Unique to Alice: {'Alice', 'say', 'begin', 'go', 'little', 'like', 'come', 'look'}
Unique to Persuasion: {'Elliot', 'Mrs', 'good', 'Wentworth', 'Anne', 'Captain', 'Lady', 'Mr'}


These are examples of how you can do data exploration on text data. When it comes to text data, the limit is sky! So, use your imagination and find out more creative ways of analyzing the two novels based on the lemmas they have.

We'll not go into the details but some syntactical properties can also help in this analysis. 
If you notice, the most frequent lemmas include person names. For the purpose of our analysis, we may need to eliminate them from the lists. 

In order to do this, we can derive the named entities in the texts and SpaCy has already derived named entities in the texts during parsing.

If you like, you can go ahead and inspect the named entities.

Note: We lemmatized our tokens to treat words with similar meanings as if they are the same. 

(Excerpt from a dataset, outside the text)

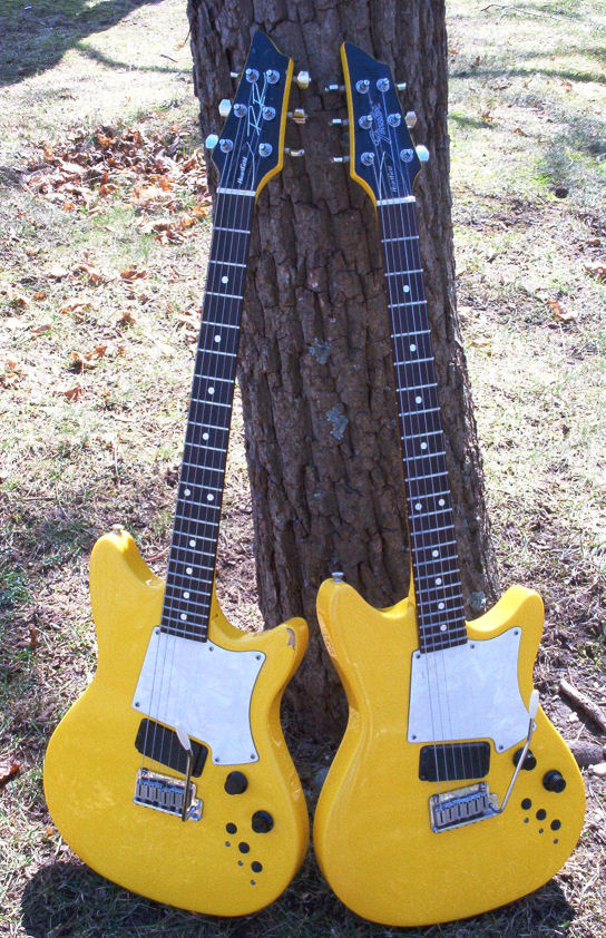 | Remarks: Yellow Sparkle finish. Do note that the guitar in the first picture on the right is its brother, the very RR9 listed below. Despite their undoubted similar production date they have different branding (this one is Heartfield, the other is Fender). These two instruments have been reunited 17 years after the production. | ||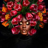 Eine kraftvolle, künstlerische Komposition: das Gesicht einer Frau mit einem tiefen, gleichmäßigen Teint, geschlossenen Augen und auffälligem Make-up. Ihre Augenlider sind mit glänzendem goldenem Lidschatten bedeckt, und ihre Lippen haben ein metallisch-goldenes Finish, was ihr ein luxuriöses und fast skulpturales Aussehen…

Apart from looking at lemmas, we could also perform a similar analysis by pulling out prefixes (token.prefix_) or suffixes (token.suffix_) from the tokens.

##**Sentences**

Before closing this checkpoint, we want to mention about how to determine the sentences in a corpus.

Beyond individual words, text can also be considered at the level of sentences. Using punctuation cues, we can split up text into sentences.

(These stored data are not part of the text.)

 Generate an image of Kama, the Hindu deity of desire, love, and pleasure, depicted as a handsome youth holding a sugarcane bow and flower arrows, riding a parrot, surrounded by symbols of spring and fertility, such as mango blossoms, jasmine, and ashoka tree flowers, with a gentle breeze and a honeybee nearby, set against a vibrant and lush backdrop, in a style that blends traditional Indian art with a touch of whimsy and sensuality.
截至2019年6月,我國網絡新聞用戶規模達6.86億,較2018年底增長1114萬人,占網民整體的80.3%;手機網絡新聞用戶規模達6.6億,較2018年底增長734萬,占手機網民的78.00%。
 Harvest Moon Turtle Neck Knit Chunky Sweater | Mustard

Each sentence can then be summarized by, for example, using sentiment analysis to categorize sentences as having positive or negative sentiment.

 We may also be interested in how long sentences tend to be, and how many unique words make up a sentence.

 The sentence also provides context for the individual words, allowing us to draw even more information from each word.

We get a lot of automatic sentence-level information from spaCy. The **doc.sents** property will give us each sentence as a span object. 

Let's look at some of that:



In [0]:
# initial exploration of sentences

sentences = list(alice_doc.sents)
print("Alice in Wonderland has {} sentences.".format(len(sentences)))

example_sentence = sentences[2]
print("Here is an example: \n{}\n".format(example_sentence))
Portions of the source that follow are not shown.